Required action:
Each line below from the one containing "4、移动后,我们再到Win7" through the one containing "قرص استئوپلاس یوروویتال" should be output exactly as it stands, and no other line should appear.

★ ★ ★

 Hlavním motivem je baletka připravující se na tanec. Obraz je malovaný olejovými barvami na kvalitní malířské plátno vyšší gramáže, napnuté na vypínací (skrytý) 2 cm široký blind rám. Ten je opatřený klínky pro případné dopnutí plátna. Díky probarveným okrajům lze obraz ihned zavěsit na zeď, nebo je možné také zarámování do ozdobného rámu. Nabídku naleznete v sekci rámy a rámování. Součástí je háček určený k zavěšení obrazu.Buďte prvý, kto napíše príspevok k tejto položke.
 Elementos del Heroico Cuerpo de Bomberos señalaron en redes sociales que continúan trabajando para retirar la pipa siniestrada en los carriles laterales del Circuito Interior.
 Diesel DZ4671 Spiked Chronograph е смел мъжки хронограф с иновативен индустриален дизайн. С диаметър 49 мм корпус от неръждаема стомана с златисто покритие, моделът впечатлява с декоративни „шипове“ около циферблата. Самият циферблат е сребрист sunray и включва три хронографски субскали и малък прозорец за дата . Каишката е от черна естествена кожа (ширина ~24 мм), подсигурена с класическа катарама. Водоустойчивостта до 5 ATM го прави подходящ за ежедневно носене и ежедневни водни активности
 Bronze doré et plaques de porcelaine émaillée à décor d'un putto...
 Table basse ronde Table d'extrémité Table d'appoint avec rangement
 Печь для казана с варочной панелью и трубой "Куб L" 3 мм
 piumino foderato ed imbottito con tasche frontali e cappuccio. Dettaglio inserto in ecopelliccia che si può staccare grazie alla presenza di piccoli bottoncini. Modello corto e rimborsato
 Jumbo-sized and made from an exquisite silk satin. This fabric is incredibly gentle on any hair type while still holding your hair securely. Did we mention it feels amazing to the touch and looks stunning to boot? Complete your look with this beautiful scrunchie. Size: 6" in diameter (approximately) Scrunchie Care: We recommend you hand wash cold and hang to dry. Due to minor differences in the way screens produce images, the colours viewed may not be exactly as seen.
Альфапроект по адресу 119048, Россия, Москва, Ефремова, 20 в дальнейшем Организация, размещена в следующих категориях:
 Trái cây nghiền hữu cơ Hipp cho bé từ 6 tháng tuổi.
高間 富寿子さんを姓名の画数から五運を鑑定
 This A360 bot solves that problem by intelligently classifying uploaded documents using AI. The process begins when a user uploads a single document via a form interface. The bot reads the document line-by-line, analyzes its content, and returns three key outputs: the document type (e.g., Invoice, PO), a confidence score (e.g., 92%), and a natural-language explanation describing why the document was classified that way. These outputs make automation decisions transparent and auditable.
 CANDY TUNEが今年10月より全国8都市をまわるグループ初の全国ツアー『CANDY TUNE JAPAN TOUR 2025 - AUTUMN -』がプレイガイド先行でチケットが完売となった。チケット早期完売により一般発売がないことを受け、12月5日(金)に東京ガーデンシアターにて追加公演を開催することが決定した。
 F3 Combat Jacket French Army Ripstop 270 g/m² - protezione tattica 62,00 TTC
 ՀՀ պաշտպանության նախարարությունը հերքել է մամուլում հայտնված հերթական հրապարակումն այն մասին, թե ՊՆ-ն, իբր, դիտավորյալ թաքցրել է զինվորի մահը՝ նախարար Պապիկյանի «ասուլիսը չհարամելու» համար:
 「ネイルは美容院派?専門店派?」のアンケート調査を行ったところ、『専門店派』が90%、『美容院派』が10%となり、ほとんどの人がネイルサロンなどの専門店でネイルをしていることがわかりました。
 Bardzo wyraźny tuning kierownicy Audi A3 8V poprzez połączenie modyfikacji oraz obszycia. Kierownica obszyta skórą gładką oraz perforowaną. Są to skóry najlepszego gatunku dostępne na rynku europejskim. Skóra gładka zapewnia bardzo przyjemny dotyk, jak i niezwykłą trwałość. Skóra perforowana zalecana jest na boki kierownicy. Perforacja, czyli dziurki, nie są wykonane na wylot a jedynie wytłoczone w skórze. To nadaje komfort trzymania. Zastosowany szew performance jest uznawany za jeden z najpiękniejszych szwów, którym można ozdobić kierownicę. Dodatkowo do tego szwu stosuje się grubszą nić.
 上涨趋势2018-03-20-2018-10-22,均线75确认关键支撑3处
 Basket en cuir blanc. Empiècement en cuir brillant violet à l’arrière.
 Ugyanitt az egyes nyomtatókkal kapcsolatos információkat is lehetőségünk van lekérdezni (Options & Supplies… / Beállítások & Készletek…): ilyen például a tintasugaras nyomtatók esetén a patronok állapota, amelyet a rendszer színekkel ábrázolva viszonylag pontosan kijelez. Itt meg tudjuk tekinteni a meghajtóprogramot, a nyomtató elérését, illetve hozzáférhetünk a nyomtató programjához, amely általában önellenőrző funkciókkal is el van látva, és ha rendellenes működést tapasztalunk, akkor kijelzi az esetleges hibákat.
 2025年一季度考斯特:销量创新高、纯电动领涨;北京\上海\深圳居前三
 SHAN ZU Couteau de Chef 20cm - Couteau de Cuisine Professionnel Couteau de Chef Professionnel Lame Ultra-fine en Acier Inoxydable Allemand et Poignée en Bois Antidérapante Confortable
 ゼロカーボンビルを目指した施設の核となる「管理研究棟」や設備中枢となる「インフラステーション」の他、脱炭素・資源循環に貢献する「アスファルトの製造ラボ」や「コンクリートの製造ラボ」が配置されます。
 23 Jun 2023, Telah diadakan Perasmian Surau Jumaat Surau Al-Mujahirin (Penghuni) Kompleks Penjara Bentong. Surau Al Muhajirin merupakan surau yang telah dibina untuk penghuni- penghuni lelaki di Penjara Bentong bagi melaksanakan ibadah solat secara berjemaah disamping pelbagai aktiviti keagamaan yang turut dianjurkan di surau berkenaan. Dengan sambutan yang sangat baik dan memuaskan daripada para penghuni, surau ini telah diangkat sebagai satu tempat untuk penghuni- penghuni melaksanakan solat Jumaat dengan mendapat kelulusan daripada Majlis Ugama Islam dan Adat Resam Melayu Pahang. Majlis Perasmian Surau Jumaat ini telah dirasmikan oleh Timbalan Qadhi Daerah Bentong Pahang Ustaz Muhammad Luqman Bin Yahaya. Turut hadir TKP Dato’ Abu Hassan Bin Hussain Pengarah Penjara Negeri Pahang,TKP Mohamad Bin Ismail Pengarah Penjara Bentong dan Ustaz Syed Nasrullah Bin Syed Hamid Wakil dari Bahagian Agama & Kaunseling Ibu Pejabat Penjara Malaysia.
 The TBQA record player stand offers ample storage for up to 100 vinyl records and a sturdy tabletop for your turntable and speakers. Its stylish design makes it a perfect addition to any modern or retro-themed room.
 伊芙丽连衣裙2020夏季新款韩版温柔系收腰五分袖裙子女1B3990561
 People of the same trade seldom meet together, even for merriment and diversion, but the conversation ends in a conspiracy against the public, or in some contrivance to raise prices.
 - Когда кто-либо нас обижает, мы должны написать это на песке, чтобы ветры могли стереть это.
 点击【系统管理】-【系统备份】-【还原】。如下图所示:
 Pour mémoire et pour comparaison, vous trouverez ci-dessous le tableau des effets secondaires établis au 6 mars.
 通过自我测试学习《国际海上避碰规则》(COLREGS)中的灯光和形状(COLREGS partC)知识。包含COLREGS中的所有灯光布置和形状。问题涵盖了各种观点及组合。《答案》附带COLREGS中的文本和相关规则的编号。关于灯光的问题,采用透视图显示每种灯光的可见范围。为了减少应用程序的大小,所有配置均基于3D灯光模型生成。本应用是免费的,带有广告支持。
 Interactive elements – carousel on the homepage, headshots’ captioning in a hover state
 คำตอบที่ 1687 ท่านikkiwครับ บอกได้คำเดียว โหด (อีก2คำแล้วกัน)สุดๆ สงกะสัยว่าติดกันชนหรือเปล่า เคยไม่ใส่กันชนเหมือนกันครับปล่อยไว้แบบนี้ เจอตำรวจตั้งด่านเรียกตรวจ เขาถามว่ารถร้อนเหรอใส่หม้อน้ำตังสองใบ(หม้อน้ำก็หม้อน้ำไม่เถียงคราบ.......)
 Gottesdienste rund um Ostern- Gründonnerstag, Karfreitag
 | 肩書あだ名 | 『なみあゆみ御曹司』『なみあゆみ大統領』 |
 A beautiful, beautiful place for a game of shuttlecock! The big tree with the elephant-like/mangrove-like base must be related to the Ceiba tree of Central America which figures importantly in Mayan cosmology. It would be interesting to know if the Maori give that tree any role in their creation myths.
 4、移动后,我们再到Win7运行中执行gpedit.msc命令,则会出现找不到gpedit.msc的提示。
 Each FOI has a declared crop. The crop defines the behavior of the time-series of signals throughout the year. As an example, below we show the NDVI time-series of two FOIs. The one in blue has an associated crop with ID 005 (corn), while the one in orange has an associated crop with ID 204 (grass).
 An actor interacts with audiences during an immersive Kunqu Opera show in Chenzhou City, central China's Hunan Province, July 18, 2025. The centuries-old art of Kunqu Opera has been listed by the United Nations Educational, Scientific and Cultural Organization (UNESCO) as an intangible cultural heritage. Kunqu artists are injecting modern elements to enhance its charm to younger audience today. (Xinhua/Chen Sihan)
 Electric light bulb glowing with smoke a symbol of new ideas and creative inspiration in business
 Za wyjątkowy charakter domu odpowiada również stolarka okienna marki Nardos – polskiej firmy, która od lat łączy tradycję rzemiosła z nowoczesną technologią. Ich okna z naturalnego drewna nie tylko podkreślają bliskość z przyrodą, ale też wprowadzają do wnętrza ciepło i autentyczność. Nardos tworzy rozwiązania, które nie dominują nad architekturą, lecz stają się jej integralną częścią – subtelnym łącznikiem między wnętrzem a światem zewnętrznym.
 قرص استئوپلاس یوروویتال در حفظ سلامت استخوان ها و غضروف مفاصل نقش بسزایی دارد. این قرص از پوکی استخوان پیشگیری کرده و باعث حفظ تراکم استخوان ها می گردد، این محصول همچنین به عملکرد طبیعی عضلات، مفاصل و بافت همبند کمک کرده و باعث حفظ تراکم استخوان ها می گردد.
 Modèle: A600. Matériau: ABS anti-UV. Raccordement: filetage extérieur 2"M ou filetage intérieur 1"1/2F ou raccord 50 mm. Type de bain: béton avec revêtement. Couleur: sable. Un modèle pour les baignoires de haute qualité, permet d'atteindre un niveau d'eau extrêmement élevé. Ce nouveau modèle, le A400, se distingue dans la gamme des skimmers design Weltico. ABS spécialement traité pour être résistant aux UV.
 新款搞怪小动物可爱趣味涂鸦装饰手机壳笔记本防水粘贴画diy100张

★ ★ ★

Solution to the problem:
 4、移动后,我们再到Win7运行中执行gpedit.msc命令,则会出现找不到gpedit.msc的提示。
 Each FOI has a declared crop. The crop defines the behavior of the time-series of signals throughout the year. As an example, below we show the NDVI time-series of two FOIs. The one in blue has an associated crop with ID 005 (corn), while the one in orange has an associated crop with ID 204 (grass).
 An actor interacts with audiences during an immersive Kunqu Opera show in Chenzhou City, central China's Hunan Province, July 18, 2025. The centuries-old art of Kunqu Opera has been listed by the United Nations Educational, Scientific and Cultural Organization (UNESCO) as an intangible cultural heritage. Kunqu artists are injecting modern elements to enhance its charm to younger audience today. (Xinhua/Chen Sihan)
 Electric light bulb glowing with smoke a symbol of new ideas and creative inspiration in business
 Za wyjątkowy charakter domu odpowiada również stolarka okienna marki Nardos – polskiej firmy, która od lat łączy tradycję rzemiosła z nowoczesną technologią. Ich okna z naturalnego drewna nie tylko podkreślają bliskość z przyrodą, ale też wprowadzają do wnętrza ciepło i autentyczność. Nardos tworzy rozwiązania, które nie dominują nad architekturą, lecz stają się jej integralną częścią – subtelnym łącznikiem między wnętrzem a światem zewnętrznym.
 قرص استئوپلاس یوروویتال در حفظ سلامت استخوان ها و غضروف مفاصل نقش بسزایی دارد. این قرص از پوکی استخوان پیشگیری کرده و باعث حفظ تراکم استخوان ها می گردد، این محصول همچنین به عملکرد طبیعی عضلات، مفاصل و بافت همبند کمک کرده و باعث حفظ تراکم استخوان ها می گردد.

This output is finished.